We use GitHub issues for tracking requests and bugs. Please post questions to
the MediaPipe Stack Overflow with a mediapipe
tag.
Steps to add an image_flip_calculator
Objective of this exercise is to create a custom calculator which can do some custom prcessing of the image('flipping') and then insert this calculator in the mediapipe graph pipe line. Description: Calculators are the blocks of code which reperesent a node in a subgraph in mediapipe computational graphs.
- Goto /mediapipe/calculators/image directory , which contains several image manipulation calculators, place your custom calculator code in a .cc file right here.
- Edit the BUILD file in the same image folder by creating a <cc_library> entry for your calculator (the name is 'custom_calculator' in this case, mentioning the name the calculator src file in last step in the section).
- Edit the /mediapipe/modules/pose_landmark/pose_landmark_cpu.pbtxt , creating a entry for your calculator by giving it a name ('CustomImageFlipCalculator' in this case, same as that of the class defined by the calculator in step 1. ) whose input willbe the inputstream of the graph and output will connect to the node previously connected to the original input stream)

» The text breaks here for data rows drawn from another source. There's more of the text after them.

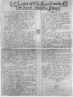 1780 wurde in einer Sammlung am Dulwich College auf dem Cover eines Manuskriptstücks aus dem 17. Jahrhundert („The Tell Tale“) die Handlung (hier „Platt“, im Sinne von Plot) des zweiten Aktes von Seven Deadly Sins entdeckt. Ursprünglich als Teil der Papiere des College-Gründers Edward Alleyn angenommen, deuten spätere Untersuchungen darauf hin, dass es Teil der Sammlung war, die der auf Theaterstücke spezialisierte Buchhändler William Cartwright, der Jüngere (ca. 1606–1686) hinterlassen hatte und die später in den Besitz des Literaturwissenschaftlers Edmond Malone (1741–1814) gelangten, als er am College einige alte religiöse Traktate gegen Stücke aus dem Cartwright-Nachlass eintauschte.[2] Als „Plot“ wurde im Elisabethanischen Theater eine tabellarische Aufführung bezeichnet, welche die Handlung zusammenfasste; er wurde zu jener Zeit üblicherweise im „Tiring Room“, dies entspricht heute in etwa dem Green Room (Künstlerruheräume im Backstagebereich) oder allgemein hinter der Bühne aufbewahrt. Dieser aufgefundene Plot des zweiten Teils von The Seven Deadly Sins hat ein quadratisches Loch in der Mitte mit an dem es für alle sichtbar an einem Brett befestigt werden konnte. Die Besetzungsmitglieder einer Theaterproduktion jener Tage hatte zwar alle eine eigene, individuell für sie geschriebene Version des Dramas, aber niemals den Dramentext als Ganzes. Somit ist der zentral aufgehängte Plot eine Hilfestellung für das gesamte Ensemble. Erhaltene Plots aus dieser Zeit sind heute äußerst selten – es existieren etwa nur noch ein halbes Dutzend.
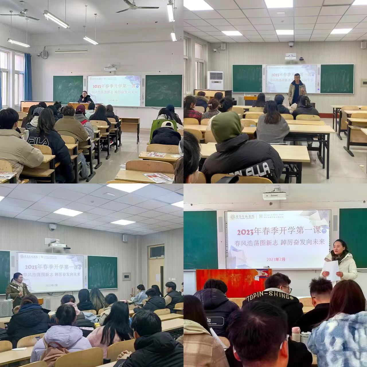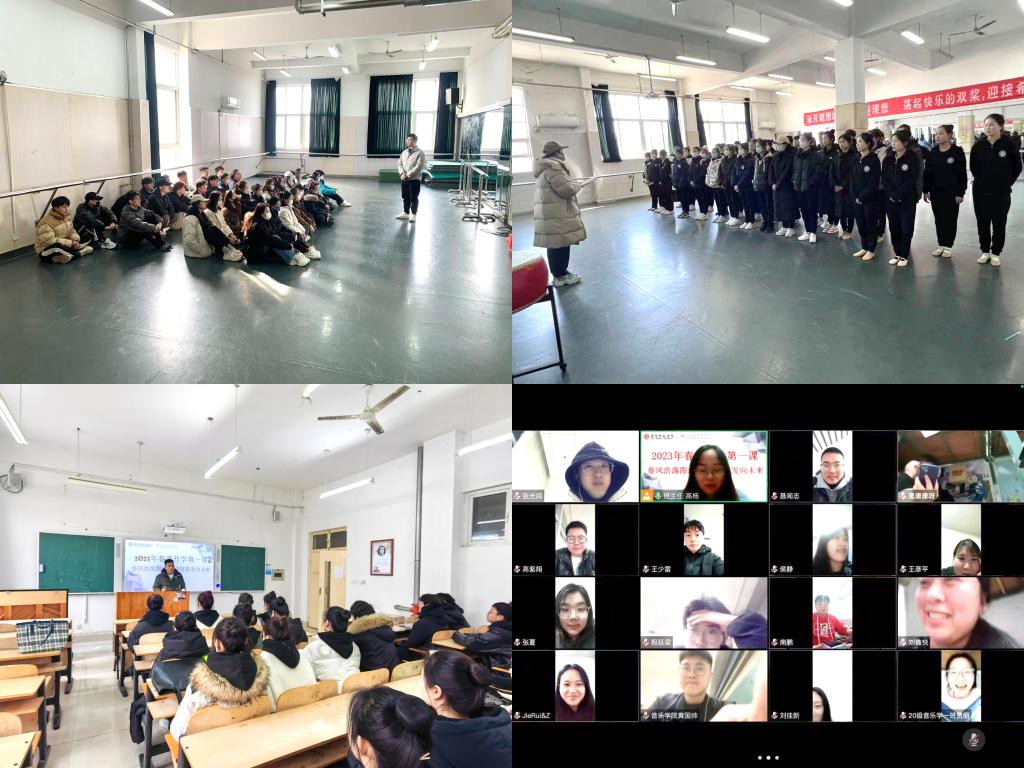 为深入贯彻习近平新时代中国特色社会主义思想和党的二十大精神,进一步加强大学生思想政治教育和安全教育,根据学校相关要求,春季学期开学伊始,音乐学院以“春风浩荡图新志 踔厉奋发向未来”为主题,为返校学生上好“开学第一课”。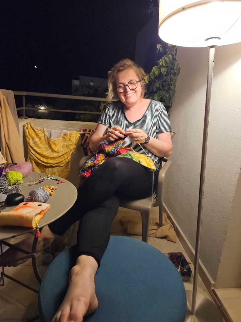Am Abend sitzen wir noch eine Weile auf dem Balkon und ich schleppe dann immer die stehlampe und eine Fussablage raus, so kann man den Abend wundervoll geniessen. Das Strickzeug darf natuerlich auch nicht fehlen.

- The node created in the step 3 will connect to you custom_calculator by making an entry in the BUILD file in /mediapipe/modules/pose_landmark/ ; edit the file by finding the entry which mentions name in the <register_as> section. is the name of the sub_graph described by the pose_landmark_cpu.pbtxt. In the 'deps' section, add the calculator entry as dependency to the subgraph(in this case "//mediapipe/calculators/image:custom_calculator").
- BUILD your custom calculator by running "bazel build -c opt --define MEDIAPIPE_DISABLE_GPU=1 mediapipe/calculators/image:custom_calculator" , and also for the pose_detection by running "bazel build -c opt --define MEDIAPIPE_DISABLE_GPU=1 mediapipe/examples/desktop/pose_tracking:pose_tracking_cpu", and then run the pose detection desktop example.